'''

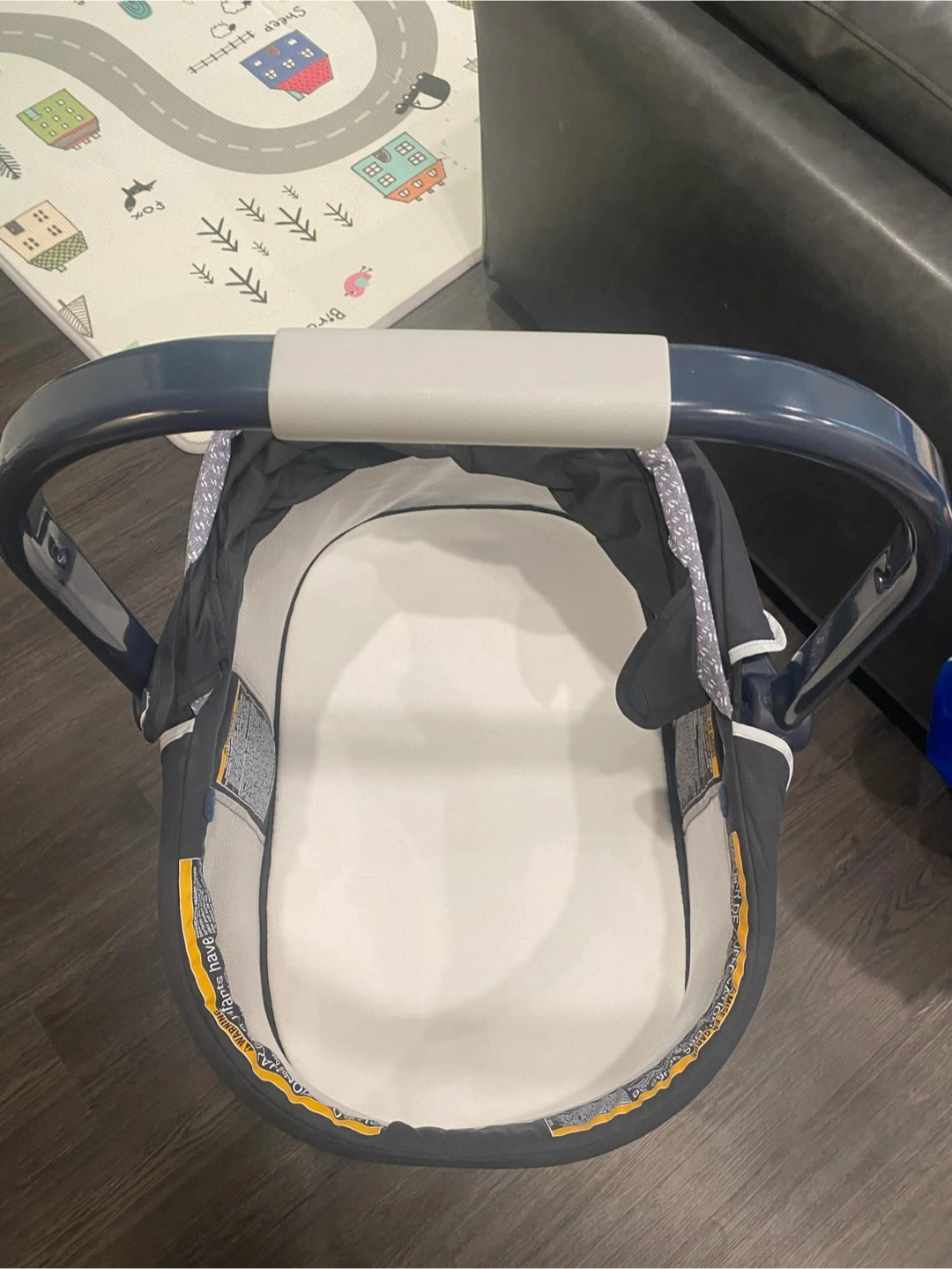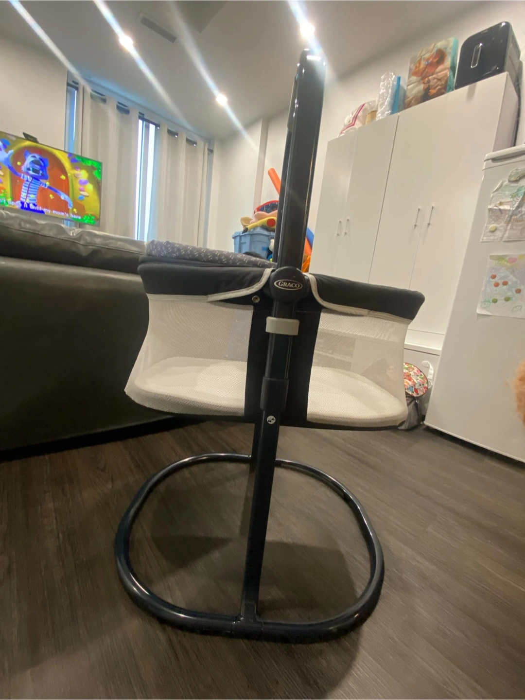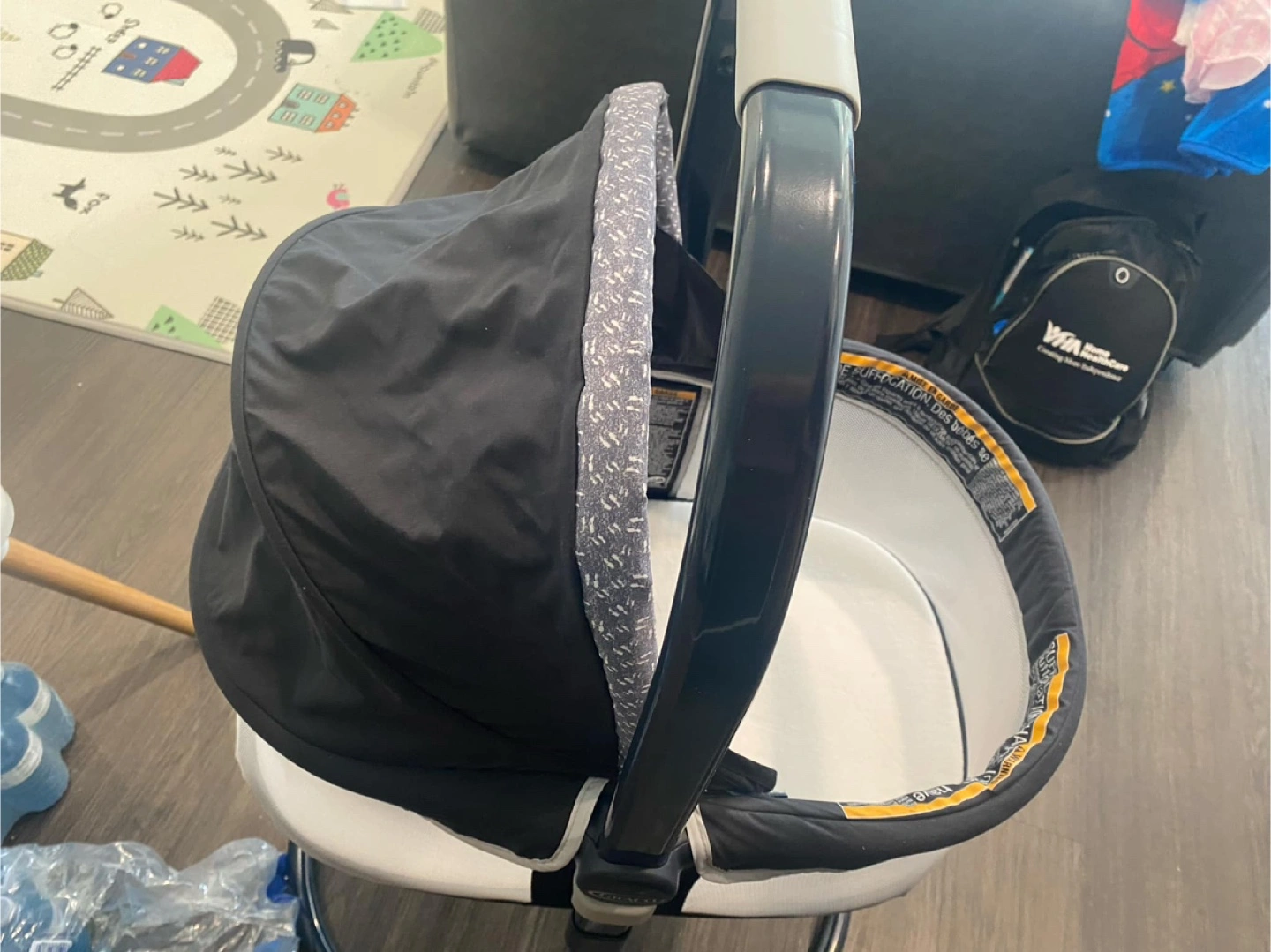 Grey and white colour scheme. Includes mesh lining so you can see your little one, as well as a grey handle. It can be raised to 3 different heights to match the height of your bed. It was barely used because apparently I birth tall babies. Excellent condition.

'''
'''

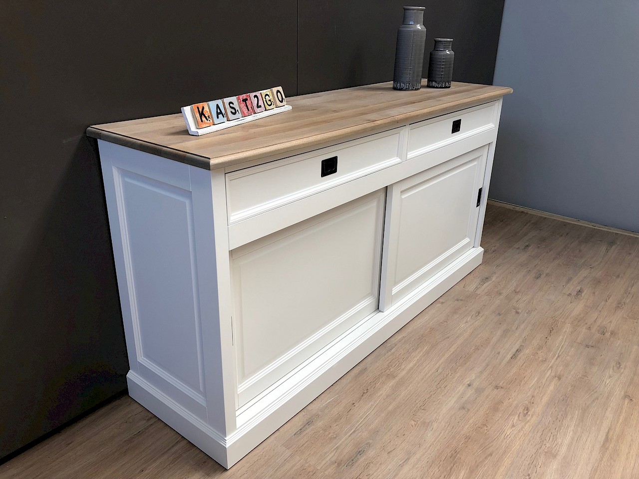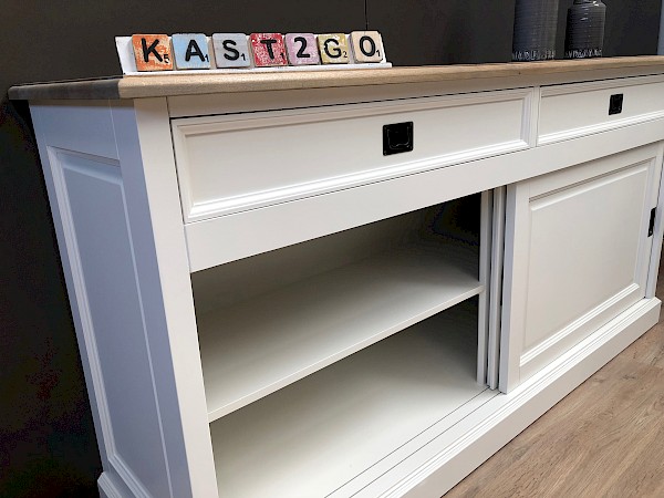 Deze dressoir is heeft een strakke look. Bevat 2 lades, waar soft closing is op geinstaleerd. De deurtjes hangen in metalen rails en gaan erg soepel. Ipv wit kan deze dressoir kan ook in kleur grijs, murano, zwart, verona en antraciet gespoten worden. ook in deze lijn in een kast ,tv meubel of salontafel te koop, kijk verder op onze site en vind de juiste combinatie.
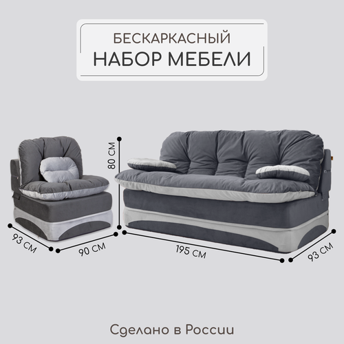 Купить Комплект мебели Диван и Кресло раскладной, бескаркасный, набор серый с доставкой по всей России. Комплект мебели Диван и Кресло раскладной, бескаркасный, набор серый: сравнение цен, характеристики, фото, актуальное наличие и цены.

'''
'''

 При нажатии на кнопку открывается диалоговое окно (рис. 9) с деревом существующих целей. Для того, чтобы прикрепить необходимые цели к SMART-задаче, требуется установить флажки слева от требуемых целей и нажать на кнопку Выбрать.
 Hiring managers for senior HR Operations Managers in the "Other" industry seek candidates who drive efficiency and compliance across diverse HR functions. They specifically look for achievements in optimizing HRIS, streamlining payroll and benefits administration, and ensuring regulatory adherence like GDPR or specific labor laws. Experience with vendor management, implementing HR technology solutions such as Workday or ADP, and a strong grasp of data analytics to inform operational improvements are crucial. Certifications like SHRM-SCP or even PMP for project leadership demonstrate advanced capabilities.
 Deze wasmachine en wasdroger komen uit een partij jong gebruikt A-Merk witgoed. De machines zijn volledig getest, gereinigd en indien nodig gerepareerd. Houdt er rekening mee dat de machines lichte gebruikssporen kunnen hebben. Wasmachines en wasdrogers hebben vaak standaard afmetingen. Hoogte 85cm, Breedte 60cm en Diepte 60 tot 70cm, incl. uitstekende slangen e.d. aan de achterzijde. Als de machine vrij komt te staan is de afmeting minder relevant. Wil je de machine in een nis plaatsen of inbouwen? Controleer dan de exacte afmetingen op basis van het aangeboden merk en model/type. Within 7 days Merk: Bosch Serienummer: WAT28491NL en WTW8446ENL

'''

◆ What you need to do
From the records above, retype only the lines starting at the line that contains "При нажатии на" and ending at the line that contains "Hiring managers for", both included.

◆ Final answer
 При нажатии на кнопку открывается диалоговое окно (рис. 9) с деревом существующих целей. Для того, чтобы прикрепить необходимые цели к SMART-задаче, требуется установить флажки слева от требуемых целей и нажать на кнопку Выбрать.
 Hiring managers for senior HR Operations Managers in the "Other" industry seek candidates who drive efficiency and compliance across diverse HR functions. They specifically look for achievements in optimizing HRIS, streamlining payroll and benefits administration, and ensuring regulatory adherence like GDPR or specific labor laws. Experience with vendor management, implementing HR technology solutions such as Workday or ADP, and a strong grasp of data analytics to inform operational improvements are crucial. Certifications like SHRM-SCP or even PMP for project leadership demonstrate advanced capabilities.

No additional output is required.